GET A FREELANCE LIFE by Margit Feury Ragland '94 (Three Rivers Press). A former assistant editor at CAM presents insider advice on all aspects of a freelance writing career.

THE COVENANT WITH BLACK AMERICA, edited by Tavis Smiley (Third World Press). Tyrone Taborn '81 wrote the chapter that deals with African Americans and the racial digital divide.

WOMEN AND GENDER EQUITY IN DEVELOPMENT THEORY AND PRACTICE, edited by Jane S. Jaquette, PhD '71, and Gale Summerfield (Duke University Press). Contributors explore the consequences of women's land ownership and the need to challenge cultural traditions that impede women's ability to assert their legal rights.

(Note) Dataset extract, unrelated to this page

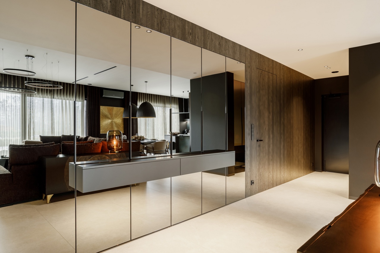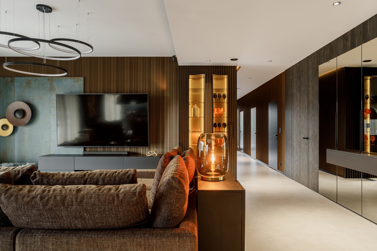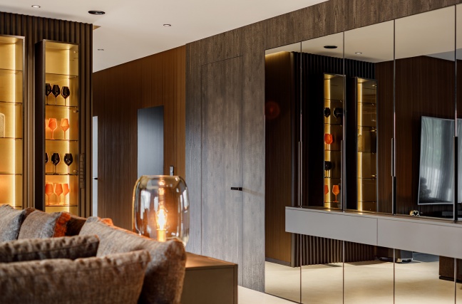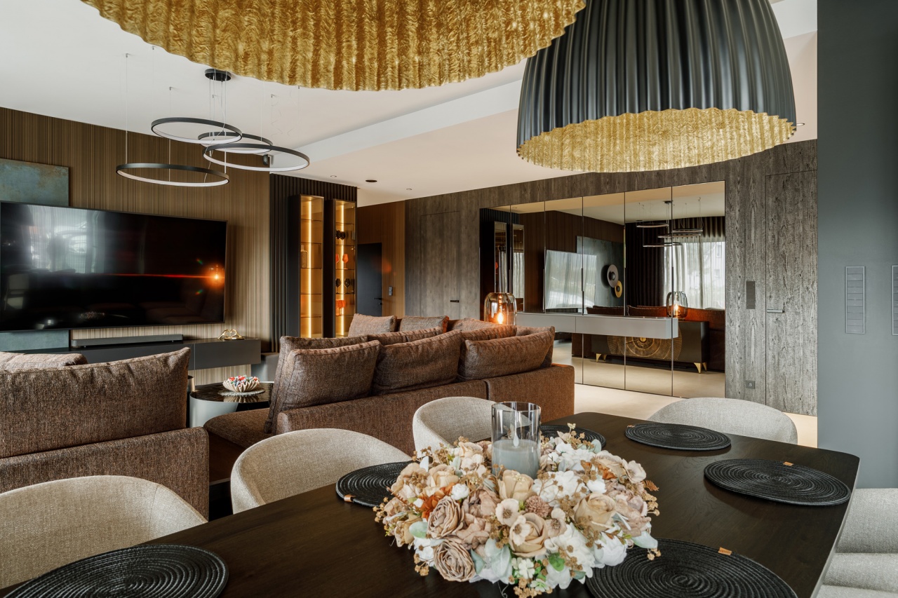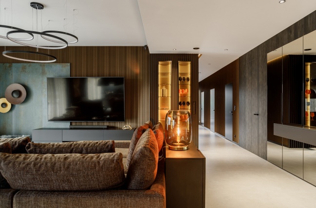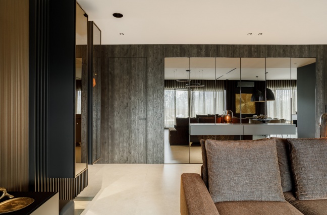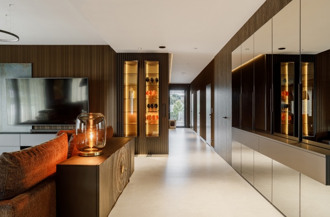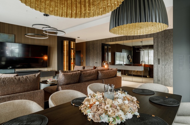 Strefa dzienna łączy w sobie nowoczesną formę z wyraźnym zamiłowaniem do szlachetnych materiałów. Miękkie tapicerowane sofy, ciemne drewno oraz starannie zaprojektowane oświetlenie budują klimat sprzyjający relaksowi. Dekoracyjne lampy ocieplają przestrzeń i podkreślają jej elegancki charakter, a lustrzane powierzchnie subtelnie powiększają wnętrze i odbijają światło.

CERVANTES IN ALGIERS by María Antonia Garces (Vanderbilt University Press).Miguel de Cervantes was captured by Barbary pirates after the Battle of Lepanto and spent five years (1575–80) in Algerian prisons. Garces, an associate professor of Hispanic studies at Cornell and herself a former hostage of Colombian guerillas, examines the lingering effects this traumatic experience had on Cervantes's writing.

CHILDREN OF COYOTE, MISSIONARIES OF SAINT FRANCIS by Steven W. Hackel, PhD '94 (University of North Carolina Press). As Spanish colonization reduced their numbers, California's Indians congregated in missions, where the Franciscans instituted unfamiliar systems of labor and punishment. After Franciscan rule ended in the 1830s, many Indians regained land and found strength in their ancestral cultures.

SELLING TECHNOLOGY by Asaf Darr, PhD '97 (Cornell University Press). Darr, a senior lecturer in organizational studies at the University of Haifa, Israel, argues that our cultural stereotypes of sales work, shaped during the industrial era and through popular images, no longer apply to the changing nature of sales in an information economy.